California Gov. Gavin Newsom on Friday signed a bill into law that allows private citizens to bring a civil action against anyone who manufactures, distributes, transports or imports assault weapons or ghost guns, which are banned in the state.
California Senate Bill 1327 is modelled after a Texas law that allows private citizens to bring civil litigation against abortion providers or anyone who assists a pregnant person in obtaining an abortion after as early as six weeks of pregnancy.
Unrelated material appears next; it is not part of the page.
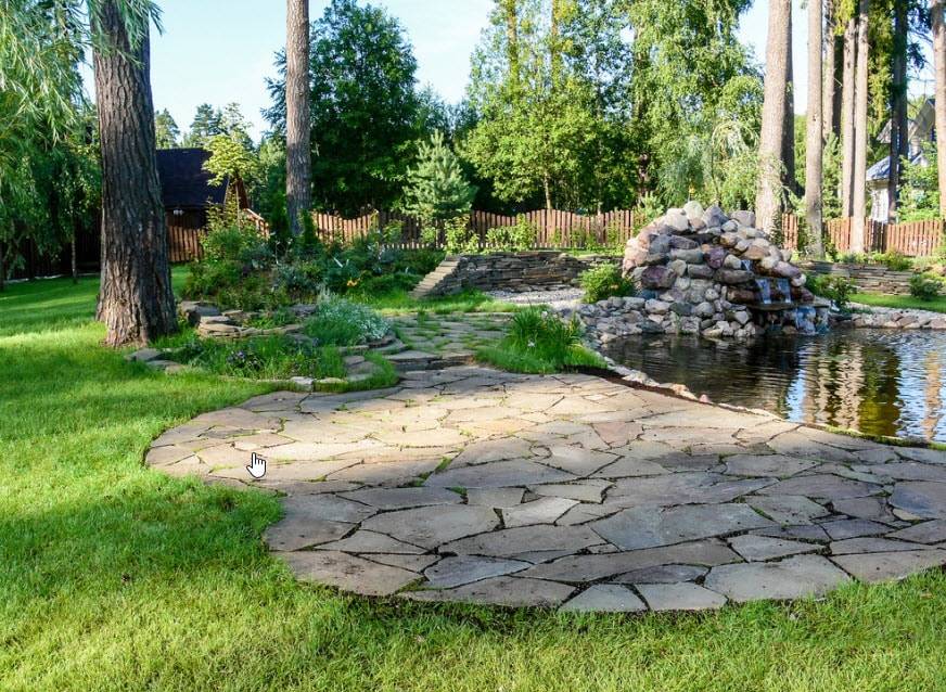 Красивый пруд во дворе, выложенный из камней

The US Supreme Court in December allowed Texas' six-week abortion ban to remain in effect, which prompted Newsom, who has been supportive of abortion rights and pro-gun control, to say he was "outraged" by the court's decision and direct his staff to draft a similar bill to regulate guns.
Under California law, a person would also be able to sue a licensed firearms dealer who "sells, supplies, delivers, or gives possession or control of a firearm" to anyone under 21 years old. It allows citizens to sue for a minimum of $10,000 on each weapon involved, as well as attorney fees.
Newsom, a Democrat, on Friday acknowledged that the law would likely be challenged in court.
"We believe this will be litigated in the Supreme Court and we believe the Supreme Court will be challenged. Because if there's any principle left whatsoever -- and that's an open-ended question -- with this Supreme Court, there is no way they can deny us the right to move in this direction," he said after signing the bill at Santa Monica College, the site of a 2013 shooting spree.
The law, introduced in February, says that it would become "inoperative upon invalidation" of the Texas abortion law, should the US Supreme Court or Texas Supreme Court strike down that measure. The California law would then be "repealed on January 1 of the following year."
The US Supreme Court last month ruled that the Constitution protects the right to carry a gun outside the home, and in striking down a New York gun carry restriction, allowing for all sorts of gun safety laws to be challenged in federal court. The decision will likely impact legal challenges to California's assault weapons ban, its ban on magazines holding more than 10 rounds and its prohibition on keeping people under the age of 21 from purchasing certain semi-automatic weapons.
California has passed several gun measures this month aimed at curbing gun violence in the wake of several mass shootings across the nation, including a mass shooting on July 4 in downtown Sacramento and a mass shooting in the same city just three months before.